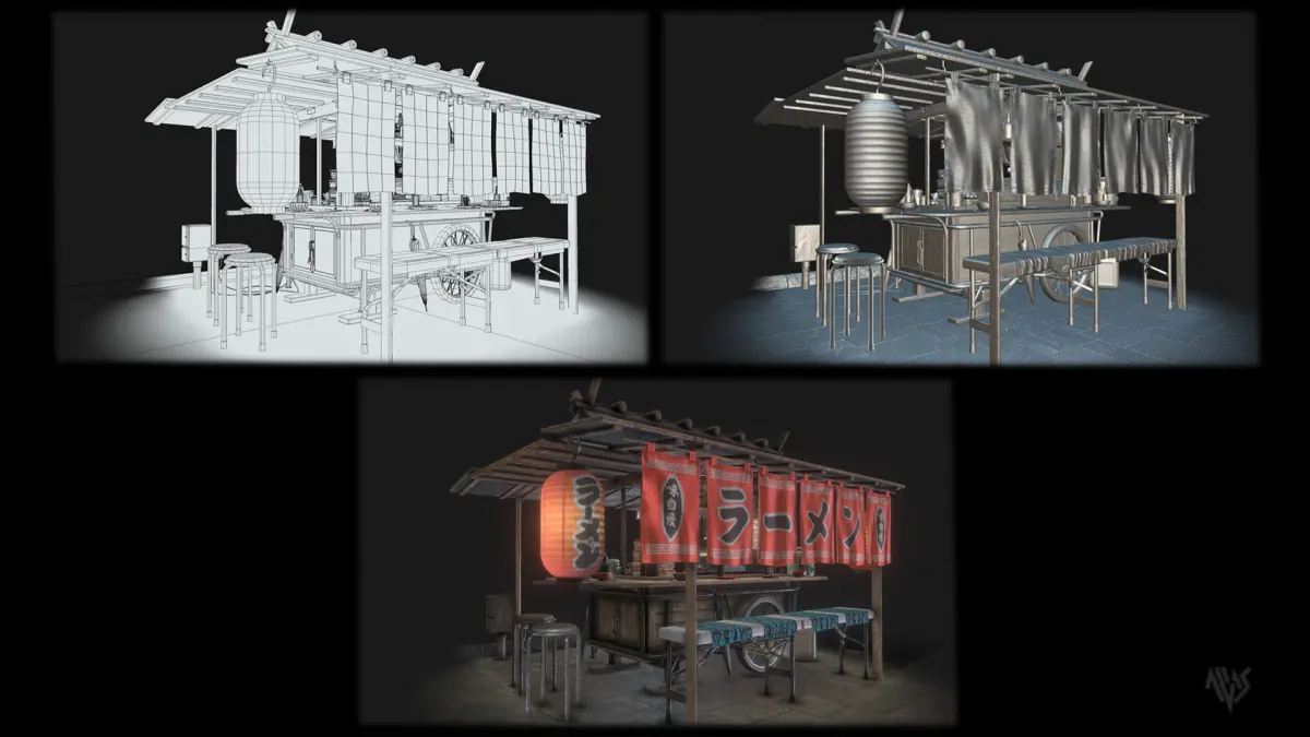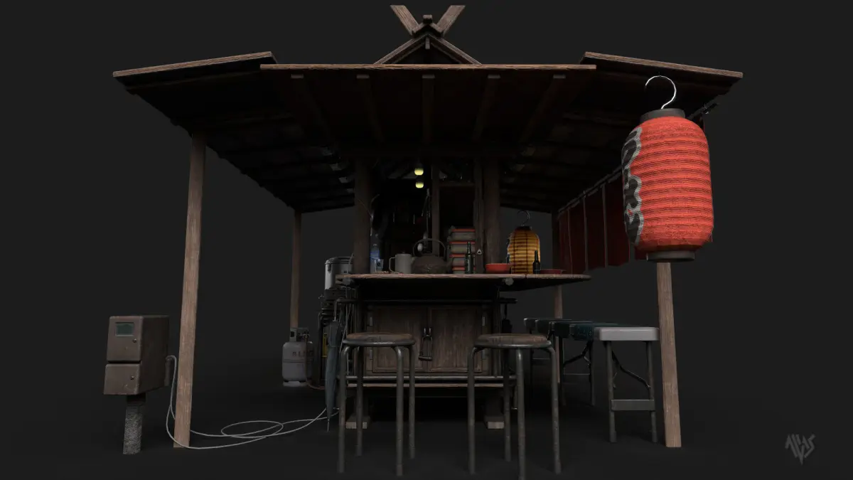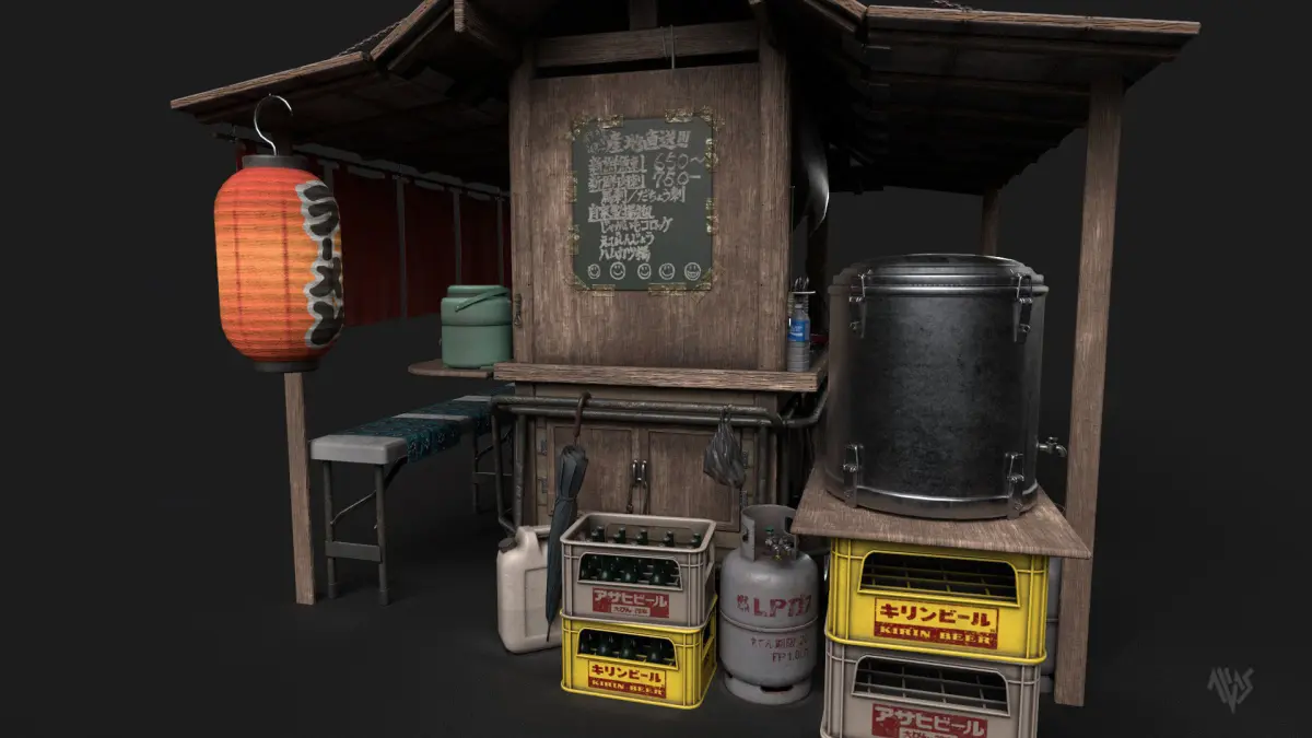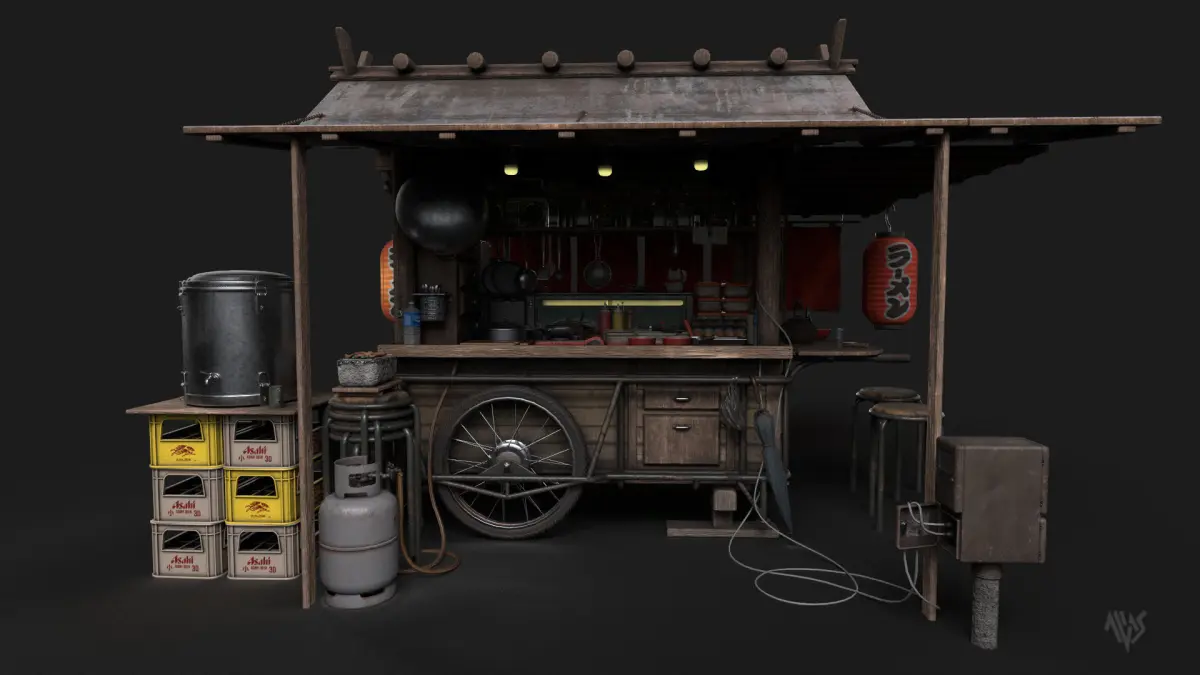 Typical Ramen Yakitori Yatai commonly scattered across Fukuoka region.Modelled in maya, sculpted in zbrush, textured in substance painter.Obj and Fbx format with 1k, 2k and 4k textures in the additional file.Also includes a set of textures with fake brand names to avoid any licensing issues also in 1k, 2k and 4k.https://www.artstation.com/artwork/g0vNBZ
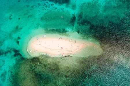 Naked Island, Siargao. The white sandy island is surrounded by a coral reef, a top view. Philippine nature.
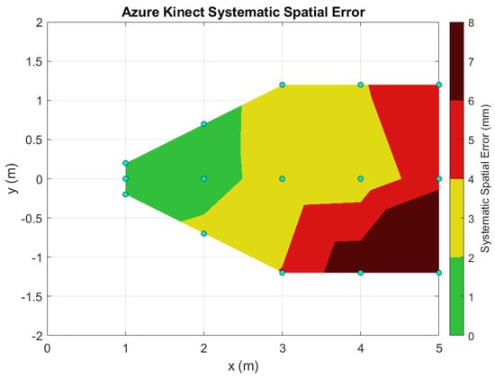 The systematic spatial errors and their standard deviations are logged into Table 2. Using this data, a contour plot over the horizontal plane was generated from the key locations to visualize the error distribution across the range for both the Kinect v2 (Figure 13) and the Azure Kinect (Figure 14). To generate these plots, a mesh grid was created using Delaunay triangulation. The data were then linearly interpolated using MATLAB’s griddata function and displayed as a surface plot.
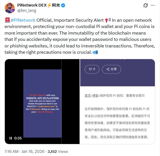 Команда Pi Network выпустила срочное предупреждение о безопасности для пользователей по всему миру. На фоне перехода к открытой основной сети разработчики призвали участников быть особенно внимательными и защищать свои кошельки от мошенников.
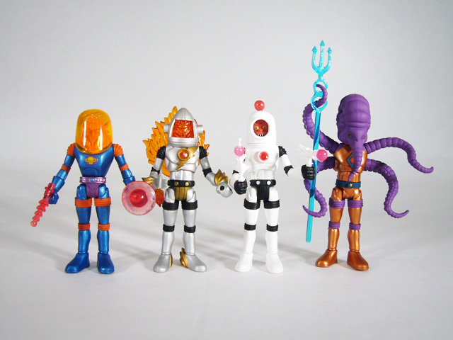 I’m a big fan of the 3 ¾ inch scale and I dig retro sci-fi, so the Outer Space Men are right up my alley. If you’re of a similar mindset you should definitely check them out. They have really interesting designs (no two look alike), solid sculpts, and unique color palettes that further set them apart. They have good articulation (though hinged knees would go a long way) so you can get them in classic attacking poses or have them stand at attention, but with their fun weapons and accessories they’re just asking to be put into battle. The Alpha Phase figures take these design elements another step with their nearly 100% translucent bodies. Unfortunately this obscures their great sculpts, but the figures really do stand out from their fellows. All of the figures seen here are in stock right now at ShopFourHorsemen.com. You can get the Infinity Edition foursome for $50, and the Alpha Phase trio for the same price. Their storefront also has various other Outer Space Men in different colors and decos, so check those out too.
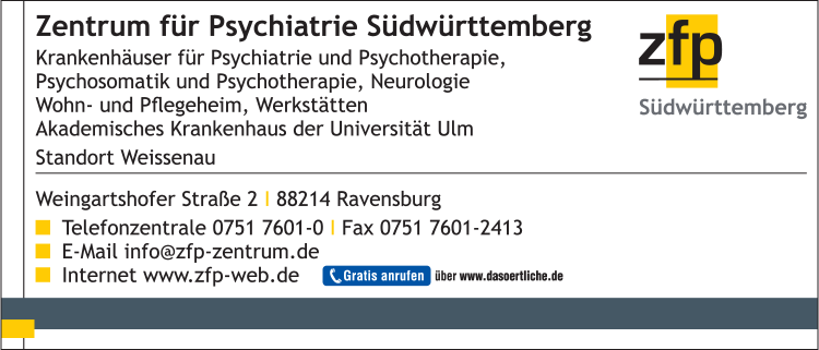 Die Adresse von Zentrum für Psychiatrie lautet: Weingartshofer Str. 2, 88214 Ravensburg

──────────

> [Assignment] Without the pictures, please reproduce each line of the listing above exactly, from the first one through the line bearing "Команда Pi Network".

> [Task output]
 Typical Ramen Yakitori Yatai commonly scattered across Fukuoka region.Modelled in maya, sculpted in zbrush, textured in substance painter.Obj and Fbx format with 1k, 2k and 4k textures in the additional file.Also includes a set of textures with fake brand names to avoid any licensing issues also in 1k, 2k and 4k.https://www.artstation.com/artwork/g0vNBZ
 Naked Island, Siargao. The white sandy island is surrounded by a coral reef, a top view. Philippine nature.
 The systematic spatial errors and their standard deviations are logged into Table 2. Using this data, a contour plot over the horizontal plane was generated from the key locations to visualize the error distribution across the range for both the Kinect v2 (Figure 13) and the Azure Kinect (Figure 14). To generate these plots, a mesh grid was created using Delaunay triangulation. The data were then linearly interpolated using MATLAB’s griddata function and displayed as a surface plot.
 Команда Pi Network выпустила срочное предупреждение о безопасности для пользователей по всему миру. На фоне перехода к открытой основной сети разработчики призвали участников быть особенно внимательными и защищать свои кошельки от мошенников.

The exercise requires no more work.